The reality is these officials and anyone who agrees with them have little meaningful power on this issue — occasional influence, perhaps, but certainly not power than can be reliably wielded. Paul's golf course chats with Trump may eke a win from time to time, but this is a lucky backchannel that can be dammed at any moment. It has no formal, institutional authority. This week's handwringing at Foreign Policy about the supposed ascendancy of "isolationism" on left and right alike is absurd, the foreign policy version of Tucker Carlson's bizarre claim of libertarian dominance of Washington. The main voices advocating greater restraint in American foreign affairs are not isolationist, and though they kick up quite a ruckus, they have little to no say over actual policy direction. How can anyone look at half a dozen wars and think we have an isolationism problem?
The Trump vs. Biden race only underlines this state of affairs. Neither will give us a foreign policy that can even plausibly be caricatured as isolationism, Trump's inane protectionism notwithstanding.
The president pays occasional lip service to ending "endless wars" and prioritizing diplomacy ("the greatest deals," in his parlance), but his better impulses are constantly overcome by his selfishness, short attention span, stupid militarism, and choice of counsel like Secretary of State Mike Pompeo.
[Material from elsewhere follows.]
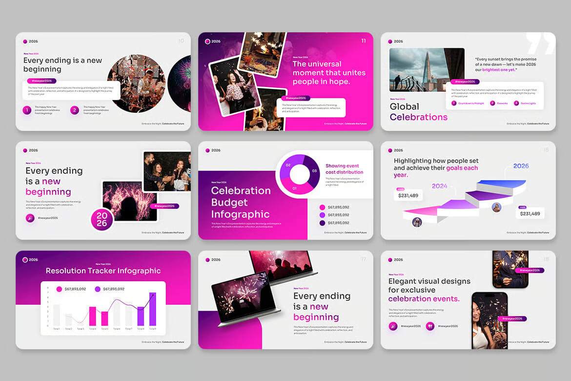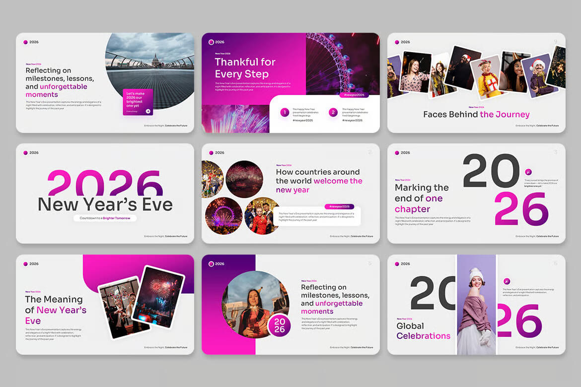 用这款精心设计的演示模板,为新年增添璀璨光彩。这款新年夜演示模板现代、优雅、精致,专为希望以时尚专业的态度迎接新年的创作者、活动策划者、企业和设计师量身打造。

Trump has brought us closer to open conflict with China, squandered his chance for productive negotiations with North Korea, exacerbated tensions with Iran, and repeatedly recommitted to enabling Saudi war crimes. What few good foreign policy ideas he hits upon are almost always happenstance byproducts of service to his own political fortunes. He has yet to end a single war.
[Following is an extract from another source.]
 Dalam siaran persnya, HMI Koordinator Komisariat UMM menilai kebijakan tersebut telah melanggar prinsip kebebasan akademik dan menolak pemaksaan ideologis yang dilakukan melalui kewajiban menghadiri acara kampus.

Biden and his running mate, Kamala Harris, are more conventional liberal interventionists than Trump, but the crucial assumption of intervention is same. There are a few points for war critics to like here, including Biden's vehement opposition to the Obama-era surge in Afghanistan, Harris's objection to U.S. involvement in Yemen, and their plan to rejoin the Iran nuclear deal. Biden pledges he'll "end the forever wars in Afghanistan and the Middle East," but, like Trump, lacks a specific plan to do so. Biden has no apparent interest in Pentagon cuts, has hired some markedly hawkish advisers (are all those neocons going to stick around, too?), and is trying to out-hawk Trump on China. Certainly with Biden we can expect more multilateral diplomacy and fewer reckless tweets, but there's little reason to think he'll break the broader foreign policy patterns of the past 20 years.
From a purely political perspective, what's curious about all this is the mutual foregoing of potential electoral gain. Restraint rhetoric is consistently popular — our last three presidents all campaigned on it to some degree — and public opinion is on a years-long trend toward wanting a smaller U.S. military role abroad, one more tailored to defending U.S. interests, narrowly conceived. You'd think one party or the other would espy an opportunity here.
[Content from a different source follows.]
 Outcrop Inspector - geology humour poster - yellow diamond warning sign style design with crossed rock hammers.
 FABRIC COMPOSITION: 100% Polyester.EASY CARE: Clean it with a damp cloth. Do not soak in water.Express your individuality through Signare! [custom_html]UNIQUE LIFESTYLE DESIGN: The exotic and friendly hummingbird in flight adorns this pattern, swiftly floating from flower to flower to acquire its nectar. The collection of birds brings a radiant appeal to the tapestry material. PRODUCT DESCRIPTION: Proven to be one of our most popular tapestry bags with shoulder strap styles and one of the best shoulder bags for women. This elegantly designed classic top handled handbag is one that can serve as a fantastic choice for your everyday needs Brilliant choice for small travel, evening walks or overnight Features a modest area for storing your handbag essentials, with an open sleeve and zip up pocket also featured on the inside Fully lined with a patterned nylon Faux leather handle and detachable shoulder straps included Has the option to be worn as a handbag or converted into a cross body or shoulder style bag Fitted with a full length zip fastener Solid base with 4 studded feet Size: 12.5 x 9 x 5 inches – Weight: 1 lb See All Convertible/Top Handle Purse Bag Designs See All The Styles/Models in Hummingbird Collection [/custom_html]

Or perhaps both already have. Each candidate has duly recited his lines about ending endless wars and can truthfully point to his opponent's failure to do likewise. And whoever takes office in January can continue exactly that failure, probably without much political consequence. He can deplore his bombs and drop them too. Americans will remain preoccupied with more immediate domestic concerns; Washington will stay stuck in its interventionist consensus; and those endless wars will live up to their name.